Homeland Security extensively monitored Occupy movement, documents reveal

23 May, 2014 20:26 / Updated 11 years ago

Newly released documents made public for the first time this week reveal how the United States Department of Homeland Security coordinated with local law enforcement across the US to monitor the Occupy Wall Street movement.

The New York Times in conjunction with the Partnership for Civil Justice Fund say the DHS has provided them with 4,000 page of government documents pertaining to how the US agency relied on nationally dispersed “fusion centers” to share and disseminate intelligence about the Occupy movement in late 2011 after it launched in Lower Manhattan that November.

Rather than demonstrating any blatantly egregious and certainly illegal surveillance tactics employed against protesters, however, the documents instead show how DHS-fusion centers from Florida to Massachusetts monitored their local OWS chapters using publically available social media postings and other open source investigation.

“In many cases, law enforcement officials appeared to simply assemble or copy lists of protests or related activities, sometimes maintaining tallies of how many people might show up,” Colin Moynihan wrote for the Times on Friday. “They also noted appearances by prominent Occupy supporters and advised other officials about what — or whom — to watch for, according to the newly disclosed documents.”

Indeed, fusion center employees shared with colleagues across the country as much information as possible about rallies, marches and other gatherings arranged at OWS encampments as more sprang up across the US following the start of an occupation in New York City’s Zuccotti Park in November 2011.

The Times have published just 77-pages—a mere sampling of the 4,000 pages of documents they say they received through Freedom of Information Act requests, but the files nevertheless showcase how federal officials alerted one another on a regular basis upon the happenings at certain encampments.

In Boston, for example, the Boston Regional Intelligence Center took notes of open forums with Prof.
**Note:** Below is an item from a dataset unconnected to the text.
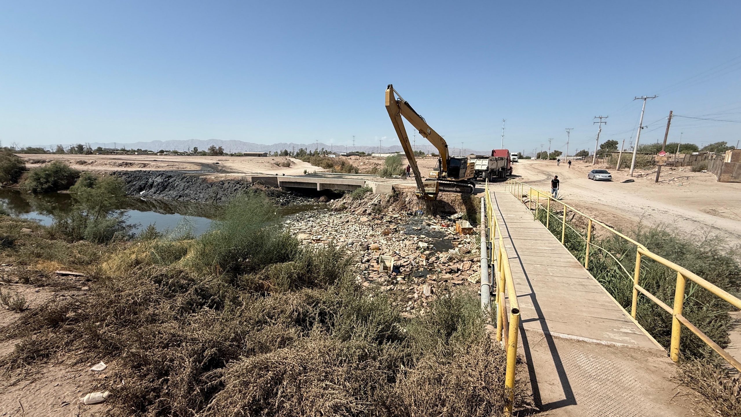 Como parte de sus trabajos permanentes de limpieza y mantenimiento de la infraestructura hidráulica, la Comisión Estatal de Servicios Públicos de Mexicali (CESPM) realizó la limpieza del Dren Colector del Norte, en el tramo correspondiente a la calle Limoneros.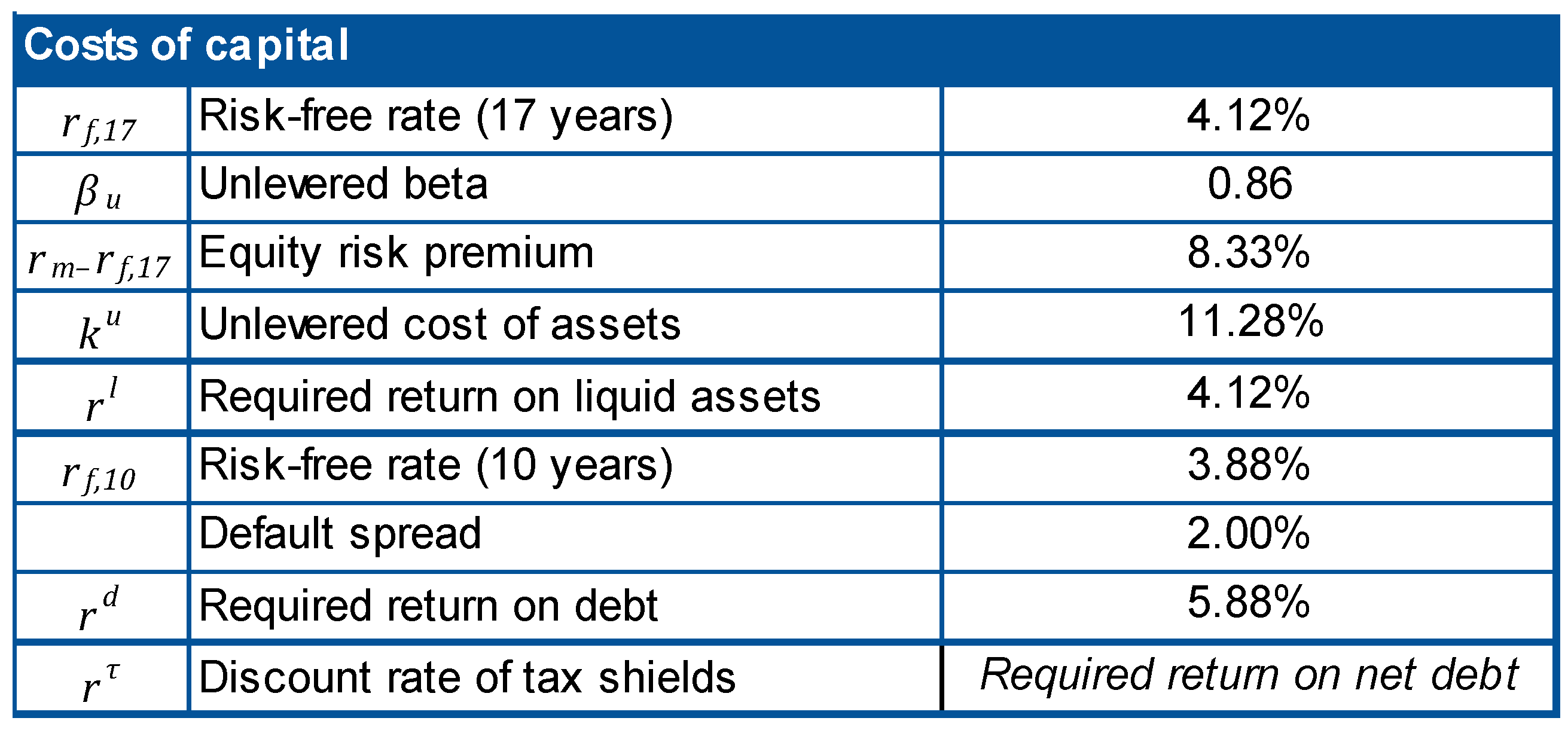 We begin with a sensitivity analysis of the main financial market input data: the unlevered beta (), the equity risk premium, and the default spread. For our case study, the estimated values are , Equity Risk Premium , and default spread . We refer to these values as the base case and analyze the impact on the NPV of both upward and downward deviations from those values. Specifically, we consider the following scenarios:

Noam Chomsky, where they expected members of Occupy Boston to show up en masse. In a separate bulletin circulated by the BRIC only three days later, the analyst who compiled the information provided details about guests and lecturers who were scheduled to appear, including tidbits pertaining to arrests and demonstrations linked to their past engagements.

In another document, agents at the Washington Regional Threat and Analysis Center spread the word to law enforcement officials in the nation’s capital about plans for a “week of action” scheduled in DC. In that dispatch, the DC-based analyst wrote Capt. Paul Shelton of the MPD that none of the protesters making their way from Boston to DC are “known to be troublemakers,” according to a source inside New England.

And while the documents don’t necessarily show any examples of phone or email surveillance, the Times noted, activists and privacy advocates are nonetheless not too happy with the report.

“People must have the ability to speak out freely to express a dissenting view without the fear that the government will treat them as enemies of the state,” Mara Verheyden-Hilliard of the PCJF told the Times.

“To be clear: There’s nothing inherently illegitimate about a local police department keeping tabs on large upcoming public gatherings–including protests–for prosaic reasons of public safety and traffic management,” Julian Sanchez of the DC-based Cato Institute think-tank wrote in response to seeing the new documents, “What’s absurd is that the federal government is throwing ‘homeland security’ funds at institutions that, having proven hilariously incapable of making any contribution to counterterror efforts, instead busy themselves trawling Google for information about political rallies.”

As RT reported previously, a congressional investigation into fusion centers in 2013 found that the DHS-led intel hubs were gathering little more than “crap intelligence,” and rarely led investigators to instances of potential terrorist activity—despite them being designed to do as much.

In a statement on the PCJF website, Verheyden-Hilliard equated the evidence obtained from the DHS as demonstrating the use of an “enormous spying and monitoring apparatus" coordinated between Department of Defense, Federal Bureau of Investigation, DHS and local police across the country, as well as with the assistance of private contractors looking out for the interests of commercial businesses.

Now, Verheyden-Hilliard writes, evidence shows exactly how those centers conducted those operations.

“There is now, with the release of these documents, incontrovertible evidence of systematic and not incidental conduct and practices of the Fusion Centers and their personnel to direct their sights against a peaceful movement that advocated social and economic justice in the United States,” Verheyden-Hilliard wrote. “It bears noting also that while these 4,000 pages offer the most significant and largest window into the US intelligence and law enforcements’ coordinated targeting of Occupy, they can only be a portion of what is likely many more tens of thousands of pages of materials generated by the nationwide operation.”

“These documents show that the Fusion Centers constitute a menace to democracy,” she added. “This gross misuse of US taxpayers’ money also demonstrates that the Fusion Centers are a colossal rat hole of waste. The Fusion Centers should be defunded and ended immediately.”